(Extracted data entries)
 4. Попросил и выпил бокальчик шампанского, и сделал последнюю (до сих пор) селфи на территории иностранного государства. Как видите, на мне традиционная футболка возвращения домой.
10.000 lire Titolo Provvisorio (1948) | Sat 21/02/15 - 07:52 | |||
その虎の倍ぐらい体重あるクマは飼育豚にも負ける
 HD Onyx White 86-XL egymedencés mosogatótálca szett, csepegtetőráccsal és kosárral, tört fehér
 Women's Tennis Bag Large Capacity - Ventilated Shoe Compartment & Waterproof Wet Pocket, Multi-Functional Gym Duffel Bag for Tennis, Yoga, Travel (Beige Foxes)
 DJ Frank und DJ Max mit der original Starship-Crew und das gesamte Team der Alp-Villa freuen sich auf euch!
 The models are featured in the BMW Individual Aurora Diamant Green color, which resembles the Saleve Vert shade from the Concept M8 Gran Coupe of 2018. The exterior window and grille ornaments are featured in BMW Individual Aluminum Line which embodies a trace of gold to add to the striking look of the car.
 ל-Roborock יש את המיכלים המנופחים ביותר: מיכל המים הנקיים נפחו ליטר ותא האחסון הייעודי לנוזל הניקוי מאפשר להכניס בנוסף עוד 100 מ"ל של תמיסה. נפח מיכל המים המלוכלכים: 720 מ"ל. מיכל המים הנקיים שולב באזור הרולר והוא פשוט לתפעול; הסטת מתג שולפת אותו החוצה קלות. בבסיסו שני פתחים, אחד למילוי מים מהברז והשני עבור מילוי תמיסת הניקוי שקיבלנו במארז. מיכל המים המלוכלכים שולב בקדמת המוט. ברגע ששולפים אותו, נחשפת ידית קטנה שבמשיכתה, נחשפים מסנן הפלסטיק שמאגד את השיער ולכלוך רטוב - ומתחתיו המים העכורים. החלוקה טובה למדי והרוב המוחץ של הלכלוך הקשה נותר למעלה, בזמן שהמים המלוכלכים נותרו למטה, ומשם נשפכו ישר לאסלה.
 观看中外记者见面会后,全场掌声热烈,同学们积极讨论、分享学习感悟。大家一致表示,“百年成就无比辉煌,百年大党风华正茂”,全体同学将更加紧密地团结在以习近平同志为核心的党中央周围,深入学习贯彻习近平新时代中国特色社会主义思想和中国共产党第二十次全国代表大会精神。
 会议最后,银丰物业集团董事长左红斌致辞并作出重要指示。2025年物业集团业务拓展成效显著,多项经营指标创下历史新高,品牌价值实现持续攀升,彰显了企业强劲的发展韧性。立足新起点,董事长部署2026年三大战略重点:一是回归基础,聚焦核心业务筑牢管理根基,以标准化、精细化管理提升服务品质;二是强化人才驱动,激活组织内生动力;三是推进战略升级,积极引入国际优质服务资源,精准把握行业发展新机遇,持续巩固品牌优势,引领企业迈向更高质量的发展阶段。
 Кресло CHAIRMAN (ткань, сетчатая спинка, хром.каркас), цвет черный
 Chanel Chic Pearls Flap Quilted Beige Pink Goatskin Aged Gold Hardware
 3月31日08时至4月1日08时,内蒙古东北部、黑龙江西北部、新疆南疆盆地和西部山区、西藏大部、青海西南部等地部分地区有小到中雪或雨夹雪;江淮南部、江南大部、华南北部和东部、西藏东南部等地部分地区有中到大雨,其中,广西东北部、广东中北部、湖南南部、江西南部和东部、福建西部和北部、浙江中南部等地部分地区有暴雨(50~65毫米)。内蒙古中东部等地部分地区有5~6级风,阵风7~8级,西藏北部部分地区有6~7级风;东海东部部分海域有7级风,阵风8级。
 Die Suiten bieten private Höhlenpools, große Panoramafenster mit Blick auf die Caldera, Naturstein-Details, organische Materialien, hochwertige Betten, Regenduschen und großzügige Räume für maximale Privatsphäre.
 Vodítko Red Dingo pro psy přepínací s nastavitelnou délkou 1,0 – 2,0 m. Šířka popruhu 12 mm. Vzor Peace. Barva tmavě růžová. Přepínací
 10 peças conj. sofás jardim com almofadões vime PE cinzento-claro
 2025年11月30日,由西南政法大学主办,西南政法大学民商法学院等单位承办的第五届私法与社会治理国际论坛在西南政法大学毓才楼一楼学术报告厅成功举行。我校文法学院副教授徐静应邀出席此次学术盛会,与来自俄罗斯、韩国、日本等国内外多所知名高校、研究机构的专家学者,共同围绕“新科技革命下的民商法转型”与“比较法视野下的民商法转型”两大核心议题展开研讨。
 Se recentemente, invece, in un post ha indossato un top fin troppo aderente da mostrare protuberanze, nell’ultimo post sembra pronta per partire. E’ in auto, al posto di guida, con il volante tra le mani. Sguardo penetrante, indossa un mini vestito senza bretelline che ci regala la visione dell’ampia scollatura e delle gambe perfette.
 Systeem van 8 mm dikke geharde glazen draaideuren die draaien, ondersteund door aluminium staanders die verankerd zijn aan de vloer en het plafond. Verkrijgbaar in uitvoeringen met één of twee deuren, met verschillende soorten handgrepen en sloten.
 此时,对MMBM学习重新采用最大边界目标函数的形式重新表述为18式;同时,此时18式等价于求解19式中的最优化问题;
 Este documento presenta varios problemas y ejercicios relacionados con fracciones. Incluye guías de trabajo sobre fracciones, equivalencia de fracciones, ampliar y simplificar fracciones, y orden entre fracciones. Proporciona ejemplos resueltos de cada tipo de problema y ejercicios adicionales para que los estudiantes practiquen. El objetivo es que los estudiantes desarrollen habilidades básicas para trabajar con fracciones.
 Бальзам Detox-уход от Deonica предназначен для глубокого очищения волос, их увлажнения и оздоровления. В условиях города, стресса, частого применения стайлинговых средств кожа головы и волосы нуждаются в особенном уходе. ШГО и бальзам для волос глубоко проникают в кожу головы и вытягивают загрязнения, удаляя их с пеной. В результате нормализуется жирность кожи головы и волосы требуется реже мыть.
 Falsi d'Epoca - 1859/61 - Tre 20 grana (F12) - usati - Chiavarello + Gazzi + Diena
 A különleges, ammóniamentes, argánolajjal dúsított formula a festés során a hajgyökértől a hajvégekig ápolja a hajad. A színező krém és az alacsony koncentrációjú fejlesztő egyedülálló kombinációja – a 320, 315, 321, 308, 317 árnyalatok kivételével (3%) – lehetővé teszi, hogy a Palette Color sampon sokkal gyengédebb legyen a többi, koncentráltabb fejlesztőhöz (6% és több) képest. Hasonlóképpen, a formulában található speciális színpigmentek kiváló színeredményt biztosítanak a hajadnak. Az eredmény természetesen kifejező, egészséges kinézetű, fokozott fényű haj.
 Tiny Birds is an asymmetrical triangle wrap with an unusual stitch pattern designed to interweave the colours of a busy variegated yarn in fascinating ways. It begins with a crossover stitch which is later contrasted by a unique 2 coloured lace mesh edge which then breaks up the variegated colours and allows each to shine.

** Task **
The answer should be only the number of lines in the data that include "which".

** Output of the task **
2